● Directions: Would you print the records below word for word, without the pictures?

═════ Extracted information

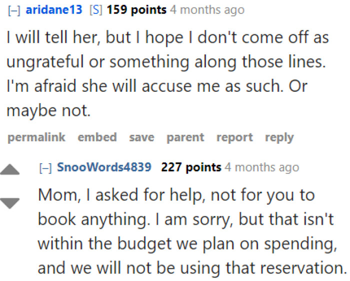But she booked them a room that's out of their budget, and to make matters worse, she did it without their permission.
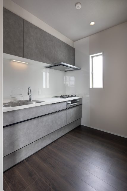 • キッチンは、3口コンログリル付きを使用。マグネット対応キッチンパネルを設置。キャビネットも多数あり、収納も充実しています。
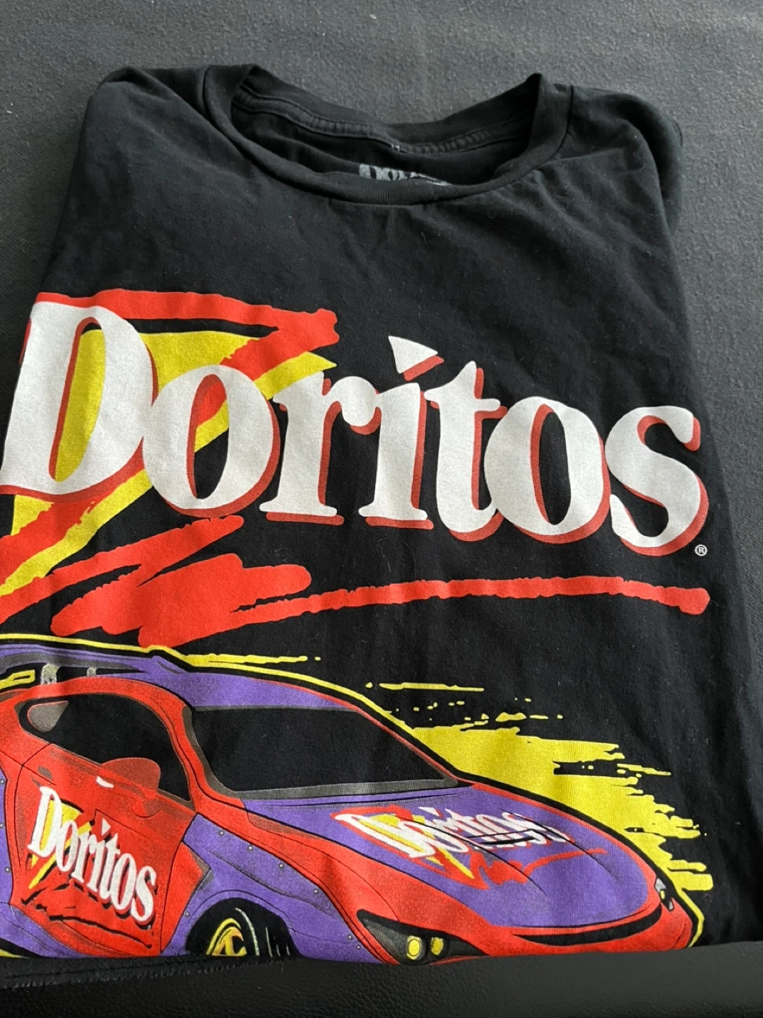 Black t-shirt featuring a graphic print of the Doritos logo with a race car design. It's made of cotton material.
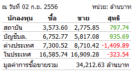 เว็บไซต์ตลาดหลักทรัพย์แห่งประเทศไทย รายงานสรุปการซื้อขายหลักทรัพย์ โดยแบ่ง ตามประเภทนักลงทุน ประจำวันที่ 15 มกราคม 2557 ดังนี้ กลุ่ม ปริมาณซื้อ % ปริมาณขาย % สุทธิ (ลบ.) (ลบ.) (ลบ.) นักลงทุนสถาบัน 2,
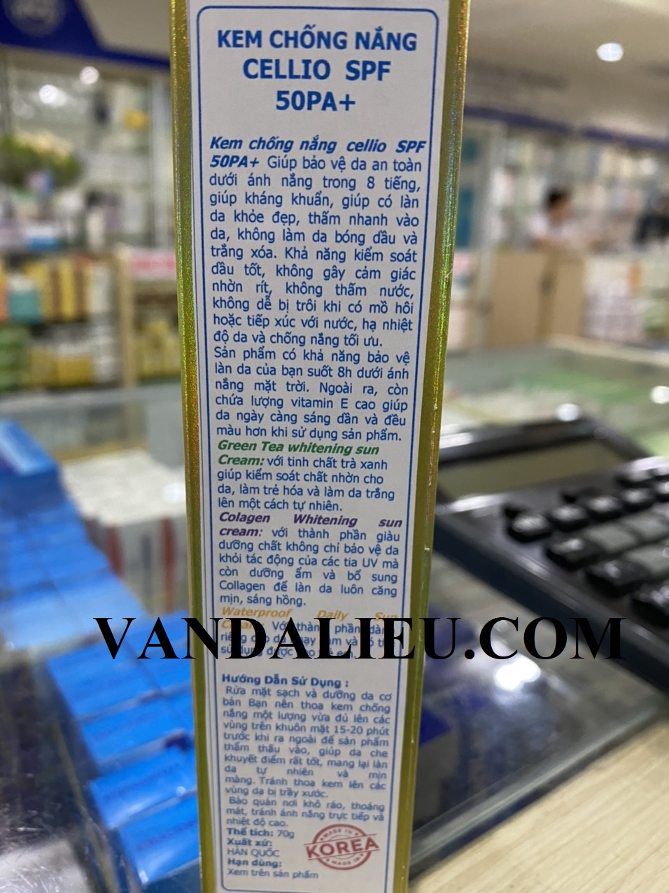 – Kem chống nắng Cellio SPF 50PA+ cung cấp giải pháp trắng da toàn diện cho da, chống lại tia cực tím UVB, ngăn chặn hình thành hắc tố melanin cho da, ngăn tia cực tím UVA xâm nhập làm sạm và lão hoá da
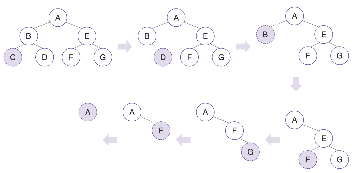 이 잎 노드에서 부터 시작된 순회는 부모 노드를 방문한 후 자신의 형제 노드를 방문하는 것으로 이어진다.
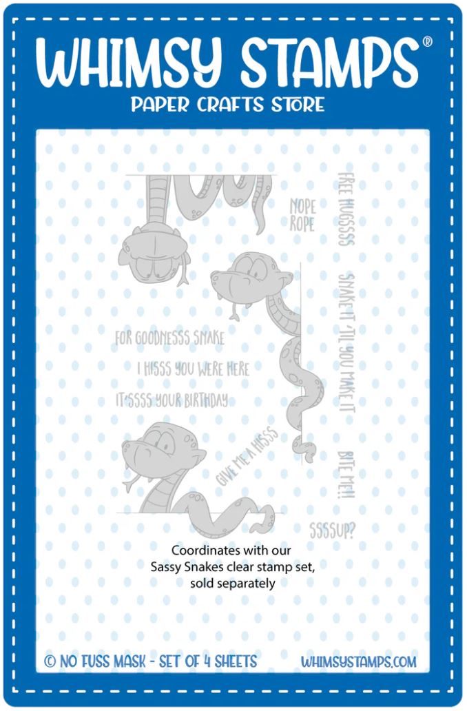 Don't like to FUSSY CUT but love all the super cool looks that can be achieved by the masking technique? Wish you could snap your fingers and have pre-cut masks for your favorite Whimsy stamp sets? Well now you can with the new Whimsy Stamps NoFUSS Masks! Sassy Snakes NoFuss Masks coordinates with our Sassy Snakes clear stamp set, sold separately. Currently available on select Whimsy Stamps clear stamp sets. More to come!
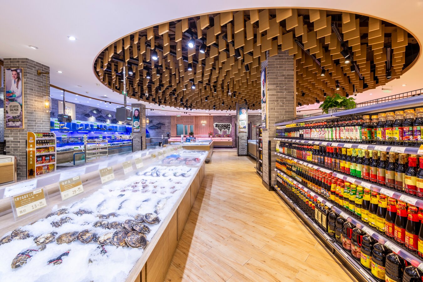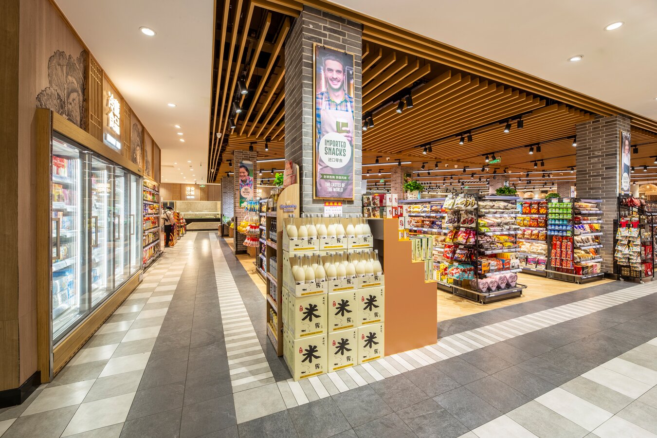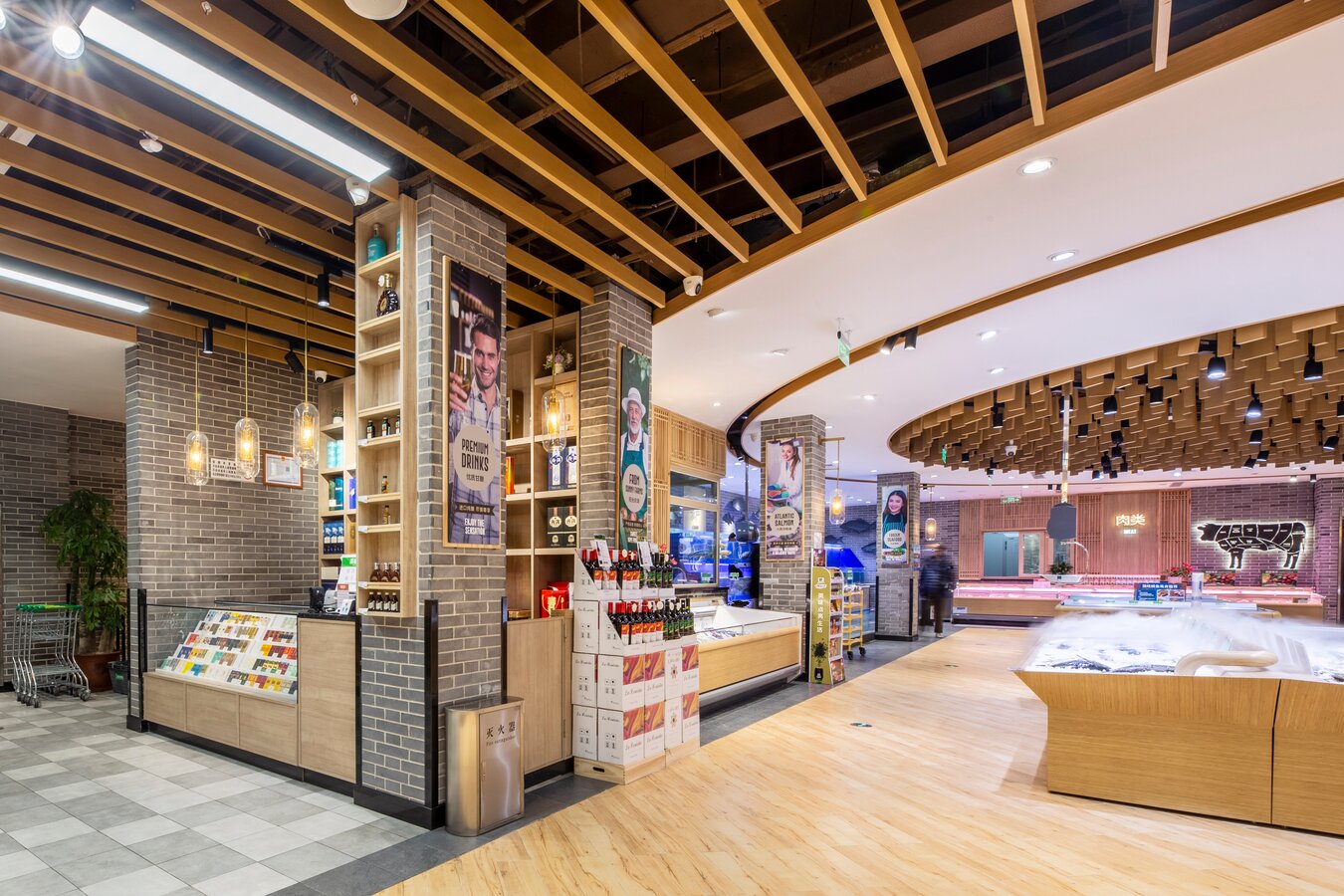 店内大面积的木纹装饰与带人物海报的结合向消费者传递农作精神,尊崇自然生长的有机产品,为顾客营造出丰收市集的景象。
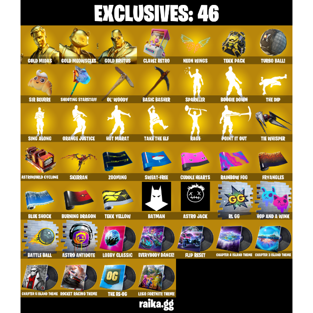 [PC/PSN/XBOX] — 156 Skins | Gold Midas, Gold Meowscles, Gold Brutus | 46 EX | 500 VB | FA
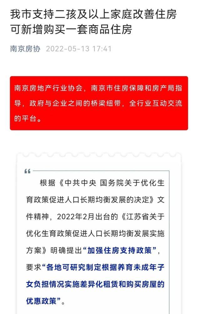 5月13日,据南京房地产业协会消息,为积极推动改善生育二个孩子及以上家庭居住条件,自5月11日起,生育二个孩子及以上南京户籍居民家庭,可新增购买一套商品住房,同时可享受相关银行最优惠贷款利率等支持。
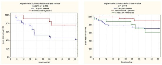 The present study focused on the outcomes and long-term prognosis of EVT in patients with TAK, FMD, and other AAPs. As the etiology of these morbidities varies, the outcomes depend on the natural course of specific diseases. We have demonstrated that the EVT procedures were feasible, associated with an acceptable 30-day severe complication rate of less than 2.5%. Most patients underwent EVT with provisional stenting, which is particularly recommended in TAK patients (in our study, 86.7%). In the study conducted by Joseph et al., cerebral hyperperfusion was a significant problem in TAK patients referred to EVT when all arch branches were severely obstructed []. This is in line with our present and previous observations [,]. One of two major severe periprocedural complications was hyperperfusion syndrome in patients with TAK presenting with an occluded left common carotid artery and right subclavian artery, who were referred for recanalization of the occluded left subclavian artery.
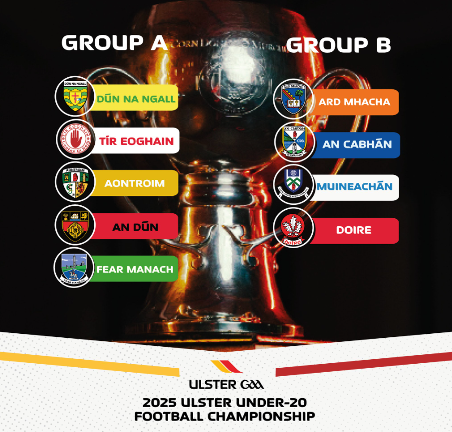 The groups for the upcoming 2025 Ulster Under-20 Football Championship have been confirmed.
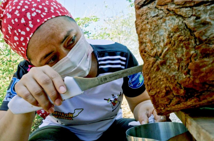Mit einem scharfen Messer wird ein Bienenstock vorsichtig geöffnet, um den seltenen Honig der Melipona zu ernten.
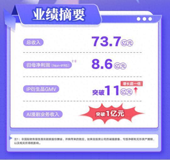 3月17日,阅文集团(股票代码:00772.HK)发布2025年全年财报。数据显示,2025年阅文实现营业收入73.7亿元,Non-IFRS归母净利润8.6亿元。在“IP+AI”战略指引下,阅文的AI漫剧、短剧、IP衍生品等新业态实现多元突破,其中AI漫剧收入呈爆发式增长,突破亿元大关;IP衍生品GMV同比增长超一倍,突破11亿元。
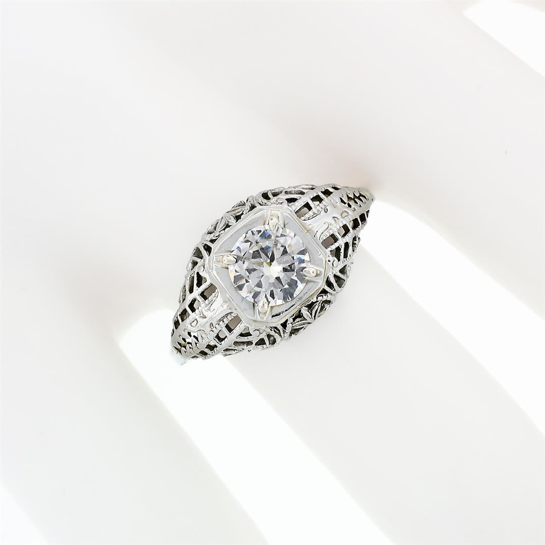 An art deco solid 18k white gold filigree engagement ring, with 1 GIA Certified old transitional cut natural diamond (I - VS2 ; 0.71ct). The ring is size 7.5, weighs a total of 2.23 grams, and measures 10.5mm wide. Comes with all original relevant certifi
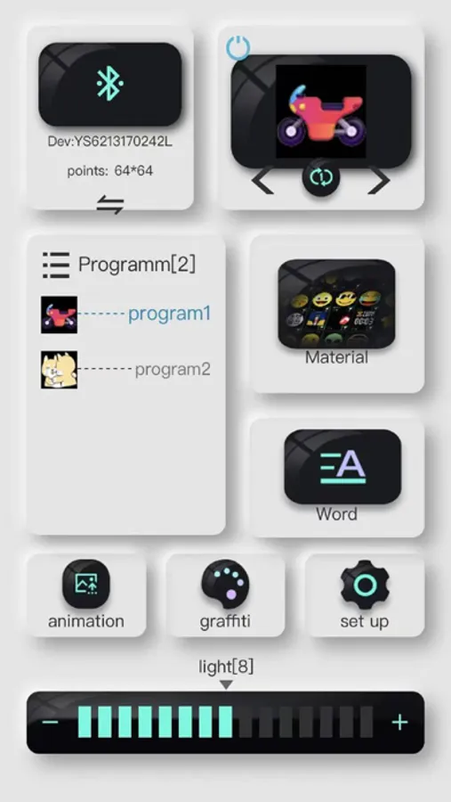 LOY space is a creative cool play app product that controls WiFi and Bluetooth device screens. Through the app, you can create colorful text, beautiful pictures, cool play animation, fun graffiti and other content. At the same time, it has rich materials, is compatible with multi specification device screens, and provides 13 language versions, making your experience more convenient and the product more personalized.
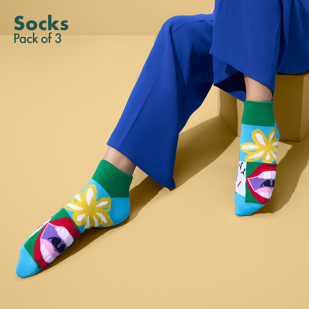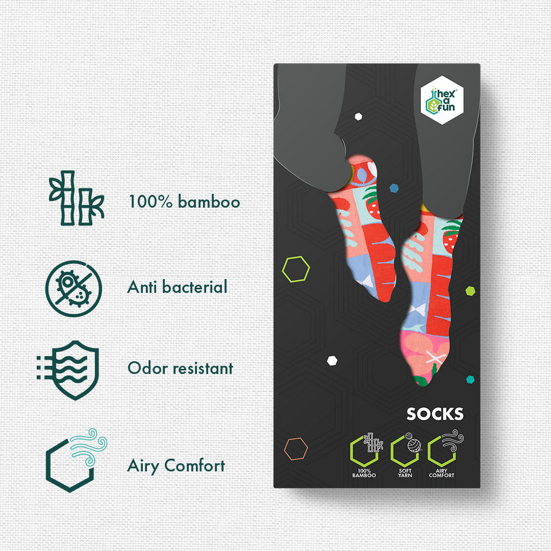 Say goodbye to dull, boring socks and hello to fun. hexafun to the rescue! And with us begins a new era full of color, playfulness, and the quirkiest designs anyone’s ever seen. An era that’s here to stay forever. Presenting the Rainbow Shots! Unisex Socks, 100% Bamboo, Ankle Length, Pack of 3.
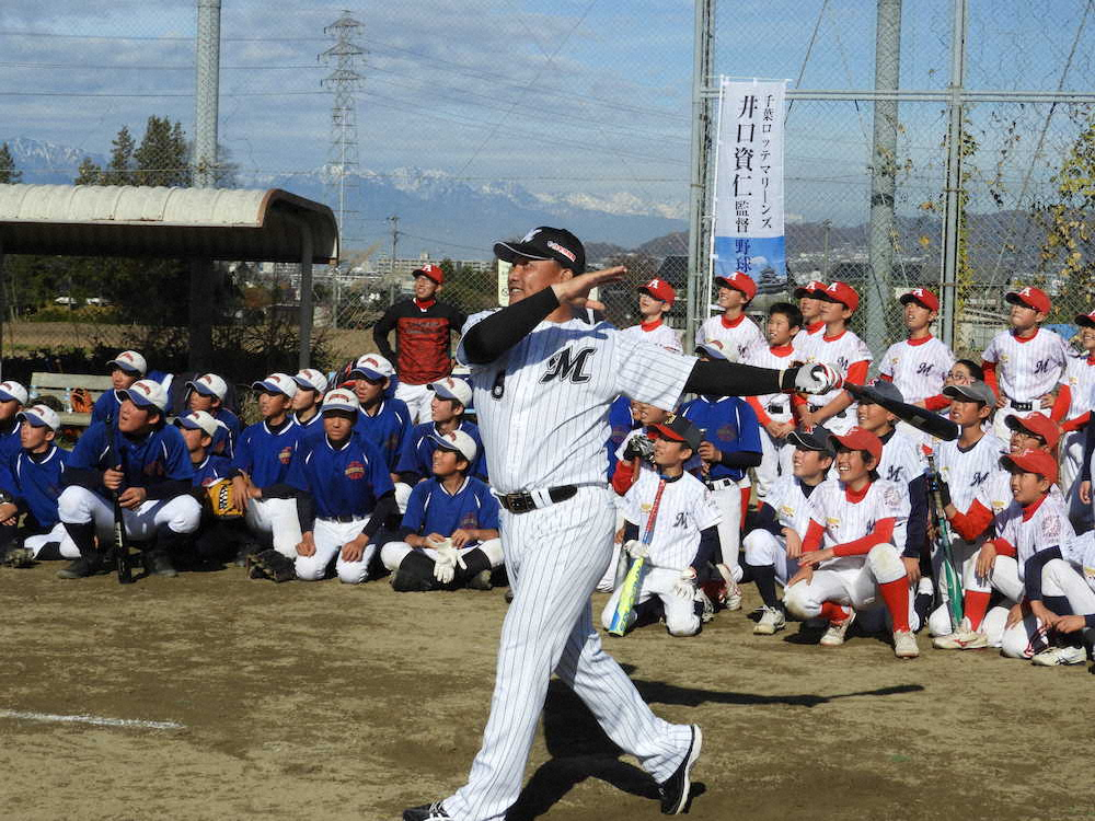 松本市内で野球教室を行ったロッテ・井口監督 Photo by スポニチ ロッテ 井口監督、松本市で野球教室 ホームラン競争まさかの敗北に苦笑い ギャラリーで見る この記事のフォト 2019年11月24日の画像一覧 もっと見る 2019年11月24日の画像をもっと見る
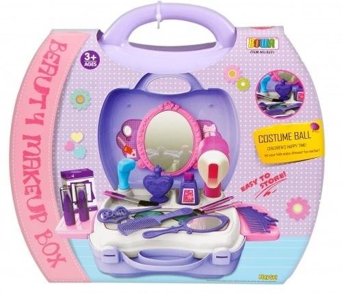 Toaletka posiada lustro, suszarkę do włosów, grzebienie, spinki do włosów oraz wiele innych akcesoriów potrzebnych do wykonania porannej toalety. Zestaw zapakowany jest w wygodną i podręczna walizkę dzięki czemu można ją zabrać ze sobą wszędzie. Posiada 21 elementów. Produkt wykonany z plastiku....
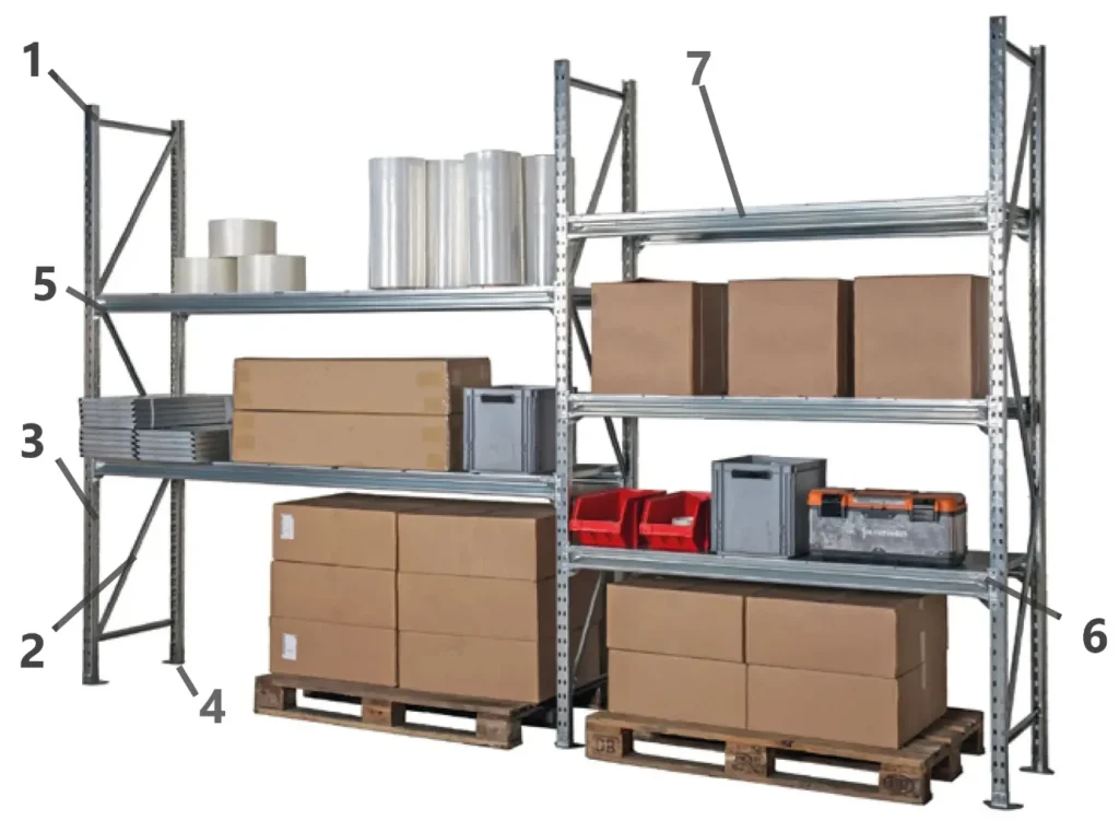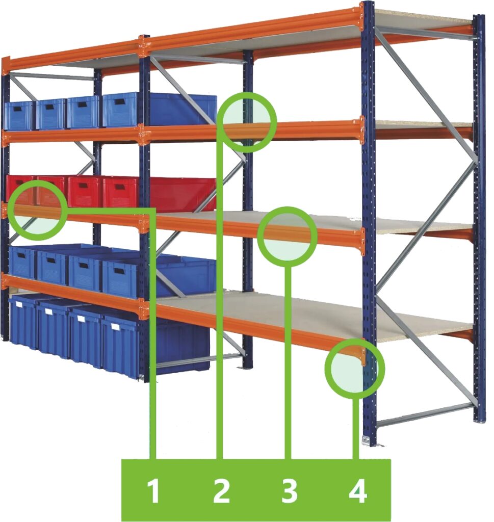 Elementos horizontales dispuestos entre los bastidores, que conforman los niveles de carga. Soportan directamente el peso de la mercancía. Se acoplan a los puntales por los conectores situados a ambos extremos del larguero.

══════════

● Task result:
But she booked them a room that's out of their budget, and to make matters worse, she did it without their permission.
 • キッチンは、3口コンログリル付きを使用。マグネット対応キッチンパネルを設置。キャビネットも多数あり、収納も充実しています。
 Black t-shirt featuring a graphic print of the Doritos logo with a race car design. It's made of cotton material.
 เว็บไซต์ตลาดหลักทรัพย์แห่งประเทศไทย รายงานสรุปการซื้อขายหลักทรัพย์ โดยแบ่ง ตามประเภทนักลงทุน ประจำวันที่ 15 มกราคม 2557 ดังนี้ กลุ่ม ปริมาณซื้อ % ปริมาณขาย % สุทธิ (ลบ.) (ลบ.) (ลบ.) นักลงทุนสถาบัน 2,
 – Kem chống nắng Cellio SPF 50PA+ cung cấp giải pháp trắng da toàn diện cho da, chống lại tia cực tím UVB, ngăn chặn hình thành hắc tố melanin cho da, ngăn tia cực tím UVA xâm nhập làm sạm và lão hoá da
 이 잎 노드에서 부터 시작된 순회는 부모 노드를 방문한 후 자신의 형제 노드를 방문하는 것으로 이어진다.
 Don't like to FUSSY CUT but love all the super cool looks that can be achieved by the masking technique? Wish you could snap your fingers and have pre-cut masks for your favorite Whimsy stamp sets? Well now you can with the new Whimsy Stamps NoFUSS Masks! Sassy Snakes NoFuss Masks coordinates with our Sassy Snakes clear stamp set, sold separately. Currently available on select Whimsy Stamps clear stamp sets. More to come!
 店内大面积的木纹装饰与带人物海报的结合向消费者传递农作精神,尊崇自然生长的有机产品,为顾客营造出丰收市集的景象。
 [PC/PSN/XBOX] — 156 Skins | Gold Midas, Gold Meowscles, Gold Brutus | 46 EX | 500 VB | FA
 5月13日,据南京房地产业协会消息,为积极推动改善生育二个孩子及以上家庭居住条件,自5月11日起,生育二个孩子及以上南京户籍居民家庭,可新增购买一套商品住房,同时可享受相关银行最优惠贷款利率等支持。
 The present study focused on the outcomes and long-term prognosis of EVT in patients with TAK, FMD, and other AAPs. As the etiology of these morbidities varies, the outcomes depend on the natural course of specific diseases. We have demonstrated that the EVT procedures were feasible, associated with an acceptable 30-day severe complication rate of less than 2.5%. Most patients underwent EVT with provisional stenting, which is particularly recommended in TAK patients (in our study, 86.7%). In the study conducted by Joseph et al., cerebral hyperperfusion was a significant problem in TAK patients referred to EVT when all arch branches were severely obstructed []. This is in line with our present and previous observations [,]. One of two major severe periprocedural complications was hyperperfusion syndrome in patients with TAK presenting with an occluded left common carotid artery and right subclavian artery, who were referred for recanalization of the occluded left subclavian artery.
 The groups for the upcoming 2025 Ulster Under-20 Football Championship have been confirmed.
Mit einem scharfen Messer wird ein Bienenstock vorsichtig geöffnet, um den seltenen Honig der Melipona zu ernten.
 3月17日,阅文集团(股票代码:00772.HK)发布2025年全年财报。数据显示,2025年阅文实现营业收入73.7亿元,Non-IFRS归母净利润8.6亿元。在“IP+AI”战略指引下,阅文的AI漫剧、短剧、IP衍生品等新业态实现多元突破,其中AI漫剧收入呈爆发式增长,突破亿元大关;IP衍生品GMV同比增长超一倍,突破11亿元。
 An art deco solid 18k white gold filigree engagement ring, with 1 GIA Certified old transitional cut natural diamond (I - VS2 ; 0.71ct). The ring is size 7.5, weighs a total of 2.23 grams, and measures 10.5mm wide. Comes with all original relevant certifi
 LOY space is a creative cool play app product that controls WiFi and Bluetooth device screens. Through the app, you can create colorful text, beautiful pictures, cool play animation, fun graffiti and other content. At the same time, it has rich materials, is compatible with multi specification device screens, and provides 13 language versions, making your experience more convenient and the product more personalized.
 Say goodbye to dull, boring socks and hello to fun. hexafun to the rescue! And with us begins a new era full of color, playfulness, and the quirkiest designs anyone’s ever seen. An era that’s here to stay forever. Presenting the Rainbow Shots! Unisex Socks, 100% Bamboo, Ankle Length, Pack of 3.
 松本市内で野球教室を行ったロッテ・井口監督 Photo by スポニチ ロッテ 井口監督、松本市で野球教室 ホームラン競争まさかの敗北に苦笑い ギャラリーで見る この記事のフォト 2019年11月24日の画像一覧 もっと見る 2019年11月24日の画像をもっと見る
 Toaletka posiada lustro, suszarkę do włosów, grzebienie, spinki do włosów oraz wiele innych akcesoriów potrzebnych do wykonania porannej toalety. Zestaw zapakowany jest w wygodną i podręczna walizkę dzięki czemu można ją zabrać ze sobą wszędzie. Posiada 21 elementów. Produkt wykonany z plastiku....
 Elementos horizontales dispuestos entre los bastidores, que conforman los niveles de carga. Soportan directamente el peso de la mercancía. Se acoplan a los puntales por los conectores situados a ambos extremos del larguero.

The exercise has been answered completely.